DATA PROVIDED
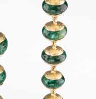 placed in boxes lined with red velvet. A swallow necklace rests in an actual bird’s nest, still holding delicate plumes.
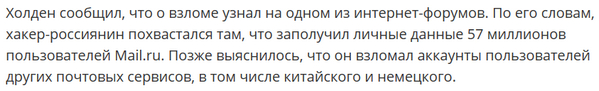 Ссылку прислали на статейку в "Вестях" - "Русский хакер" похитил данные миллионов пользователей Google, Yahoo и Mail.ru.
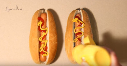 他把番茄醬和芥末醬用在熱狗上面,接下來他一刀砍下去時你的下巴就會掉下來了…
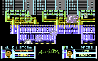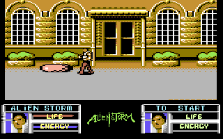 Alien Storm ist eine Mischung aus Shoot'em Up und Beat'em Up, und erschien 1990 zunächst als Arcade-Automat. Die C64-Version folgte 1991.

TASK GOAL
Please return the full listing word for word, but without any pictures.

ANSWER
 placed in boxes lined with red velvet. A swallow necklace rests in an actual bird’s nest, still holding delicate plumes.
 Ссылку прислали на статейку в "Вестях" - "Русский хакер" похитил данные миллионов пользователей Google, Yahoo и Mail.ru.
 他把番茄醬和芥末醬用在熱狗上面,接下來他一刀砍下去時你的下巴就會掉下來了…
 Alien Storm ist eine Mischung aus Shoot'em Up und Beat'em Up, und erschien 1990 zunächst als Arcade-Automat. Die C64-Version folgte 1991.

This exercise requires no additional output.